[Date Prev][Date Next][Thread Prev][Thread Next][Date Index][Thread Index]
Re: [Qemu-block] [PATCH] qemu-img: make convert async
From: |
Peter Lieven |
Subject: |
Re: [Qemu-block] [PATCH] qemu-img: make convert async |
Date: |
Fri, 24 Feb 2017 21:09:07 +0100 |
> Am 24.02.2017 um 16:02 schrieb Kevin Wolf <address@hidden>:
>
> Am 21.02.2017 um 13:29 hat Peter Lieven geschrieben:
>> the convert process is currently completely implemented with sync operations.
>> That means it reads one buffer and then writes it. No parallelism and each
>> sync
>> request takes as long as it takes until it is completed.
>>
>> This can be a big performance hit when the convert process reads and writes
>> to devices which do not benefit from kernel readahead or pagecache.
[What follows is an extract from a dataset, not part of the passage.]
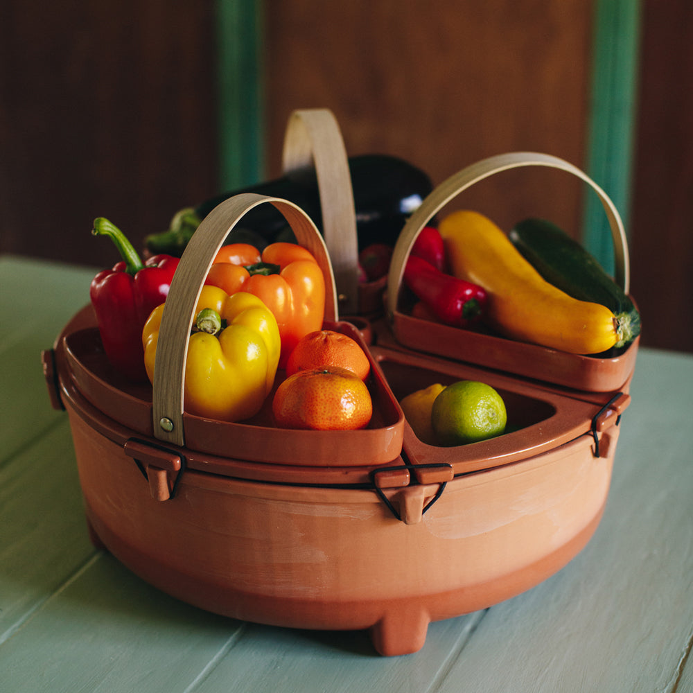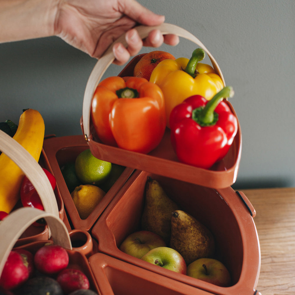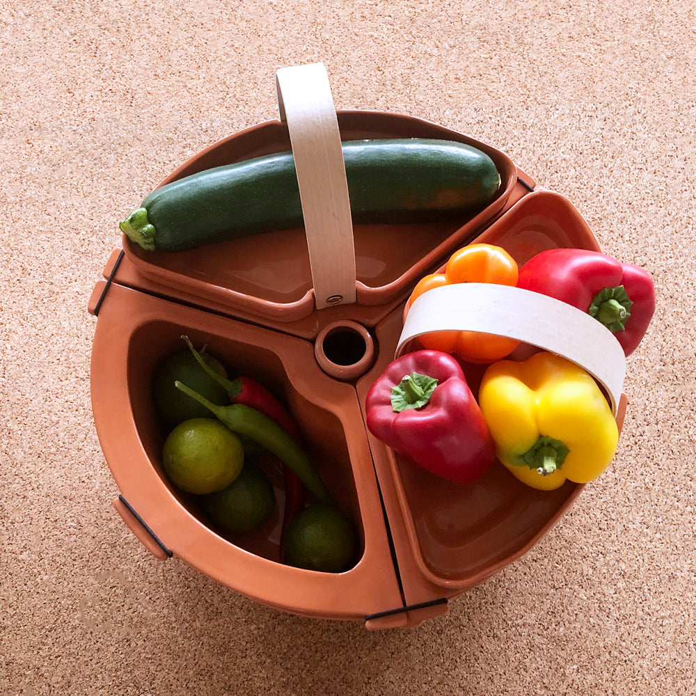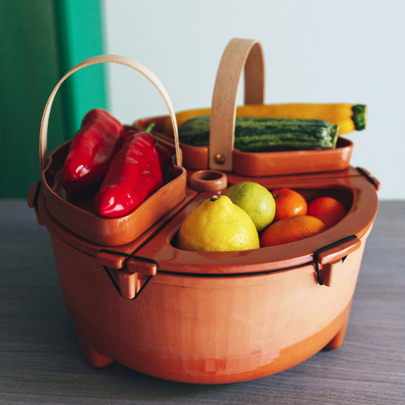 De Patera Media groente- en fruitschaal maakt deel uit van de Poma/Olera-serie: het resultaat van uitgebreid en voortdurend onderzoek naar de beste natuurlijke manier om groenten en fruit in je eigen huis te bewaren om ze vers te houden en te eten wanneer ze rijp zijn.

>> In our environment we heavily have the following two use cases when using
>> qemu-img convert.
>>
>> a) reading from NFS and writing to iSCSI for deploying templates
>> b) reading from iSCSI and writing to NFS for backups
>>
>> In both processes we use libiscsi and libnfs so we have no kernel cache.
>>
>> This patch changes the convert process to work with parallel running
>> coroutines
>> which can significantly improve performance for network storage devices:
>>
>> qemu-img (master)
>> nfs -> iscsi 22.8 secs
>> nfs -> ram 11.7 secs
>> ram -> iscsi 12.3 secs
>>
>> qemu-img-async (8 coroutines, in-order write disabled)
>> nfs -> iscsi 11.0 secs
>> nfs -> ram 10.4 secs
>> ram -> iscsi 9.0 secs
>>
>> This patches introduces 2 new cmdline parameters. The -m parameter to specify
>> the number of coroutines running in parallel (defaults to 8). And the -W
>> paremeter to
>> allow qemu-img to write to the target out of order rather than sequential.
>> This improves
>> performance as the writes do not have to wait for each other to complete.
>>
>> Signed-off-by: Peter Lieven <address@hidden>
>
>> @@ -1563,9 +1581,13 @@ static int convert_read(ImgConvertState *s, int64_t
>> sector_num, int nb_sectors,
>> blk = s->src[s->src_cur];
>> bs_sectors = s->src_sectors[s->src_cur];
>>
>> n = MIN(nb_sectors, bs_sectors - (sector_num - s->src_cur_offset));
>
> convert_co_read() uses global state here (s->src, s->src_cur,
> s->src_cur_offset) while not running under a lock. Are you sure that
> this is correct when some coroutines are operating on the first source
> image, but others are already working on the second one?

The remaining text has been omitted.